The most material evidence adduced to establish estoppel was in substance as follows: The defendant, D.W. Howell, testified that the summons served on him was turned over to "Foremost;" that he did not hire any lawyers but was sent to Mr. C.C. Howell, Jr., by Mr. Kurz; that Mr. C.C. Howell, Jr., represented him but he did not make any contract with him for the representation; that Mr. Kurz told him he did not think that he could properly represent both the Company and him and that he had made arrangements for him to see Mr. C.C. Howell, Jr.; that he did not know whether or not Mr. Kurz was attorney for appellant; he received a bill from Mr.
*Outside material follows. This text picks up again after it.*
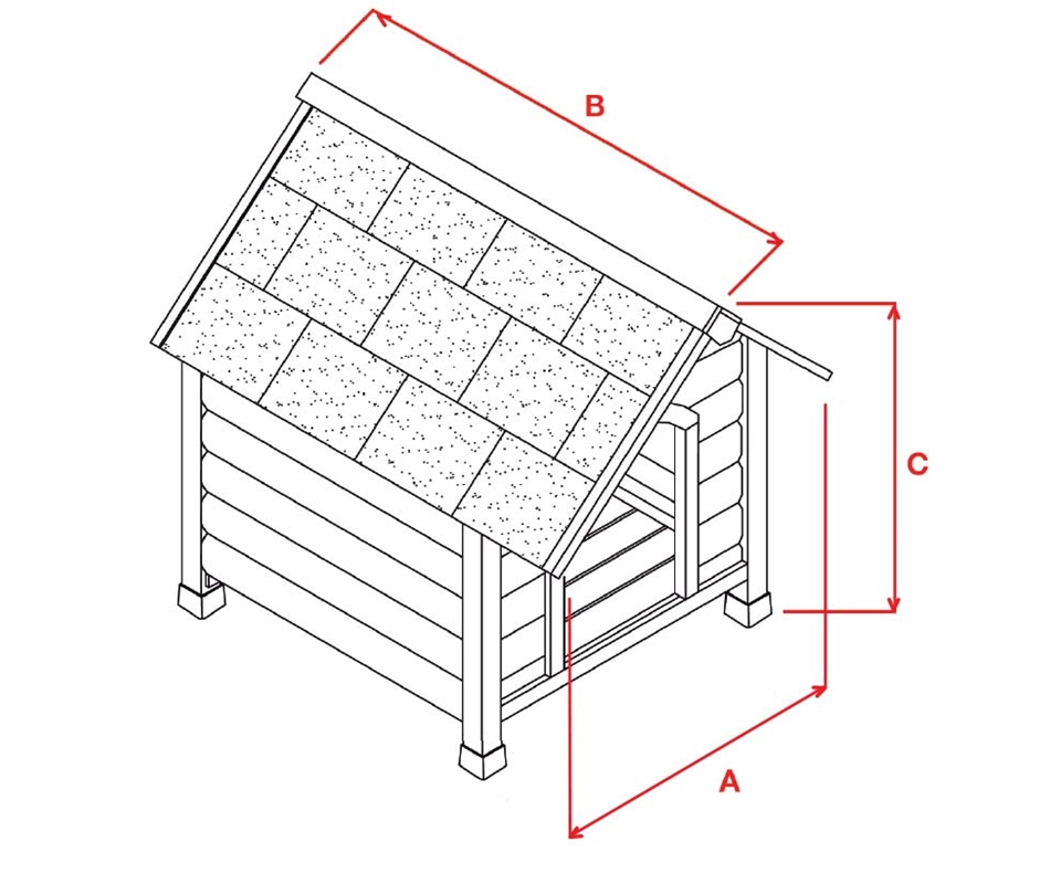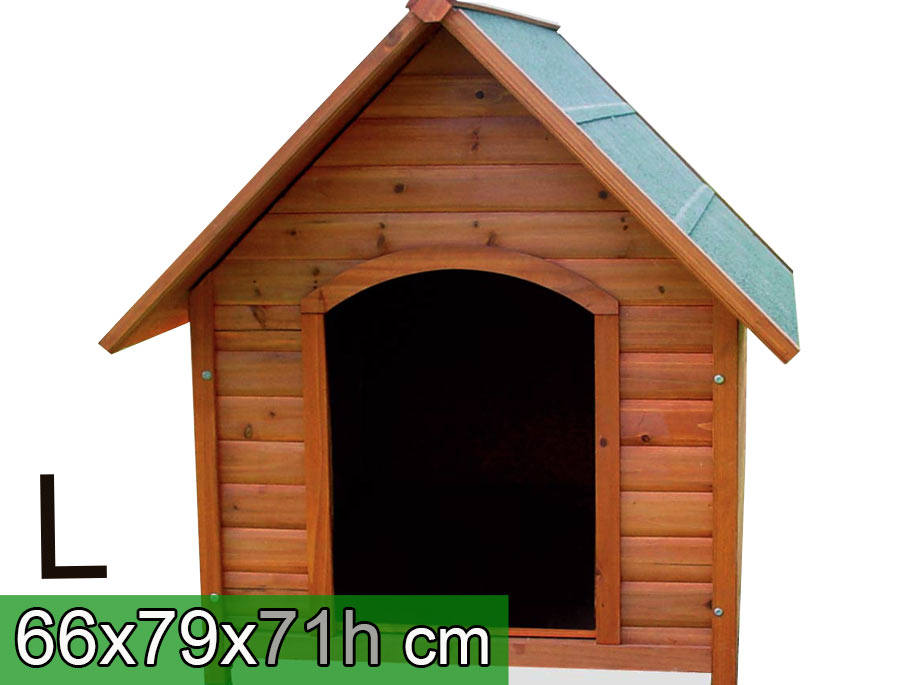 Il tetto è impermeabilizzato; il fondo è a doghe (in 2 pezzi) removibile per agevolare le operazioni di pulizia del fondo della cuccia.

C.C. Howell, Jr., but did not pay it. Mr. Kurz did not tell him that the Company would furnish him a lawyer but made arrangements for him to see Mr. Howell and he went to see him; that he paid no attention to the summons as he felt that the attorneys for the "Foremost" would call him when wanted. When he discussed the case with Mr. Kurz he was told that Mr. Kurz could not represent him as there might be conflicting interests and that he should have other attorneys; that Mr. Kurz said he had talked with Mr. C.C. Howell and to go see him.
Mr. Louis Kurz testified that he defended "Foremost"; after going into it he felt he could not properly represent both the company and the individual defendant and suggested to Mr. Howell that he should have other counsel; that either he suggested it originally or Mr. Howell told him that he had nobody in mind and then suggested Mr. C.C. Howell, Jr., and called to ask him whether he was in a position to represent D.W. Howell; that the summons was sent to him by "Foremost" and that the bill or services was rendered against "Foremost" and was paid by check of U.S. Casualty Company; that Mr. C.C. Howell, Jr., told him he had sent a bill to D.W. Howell but had not been paid; that he handled the matter and sent a bill to "Foremost"; that the bill was rendered to "Foremost" but was paid by U.S. Casualty Company, which carried the insurance of "Foremost"; that he represented U.S. Casualty Company only in suits in which "Foremost" was involved; that he made a lump sum charge and paid Mr. Howell's bill out of that.
There is other testimony but the foregoing are the principal facts relating to estoppel in respect to the "Casualty Company."
It is our conclusion that the evidence of estoppel against the appellant was not so conclusive as to justify the directing of the jury to find a verdict against it.
Reversed.
CHAPMAN, C. J., BROWN and THOMAS, JJ., concur.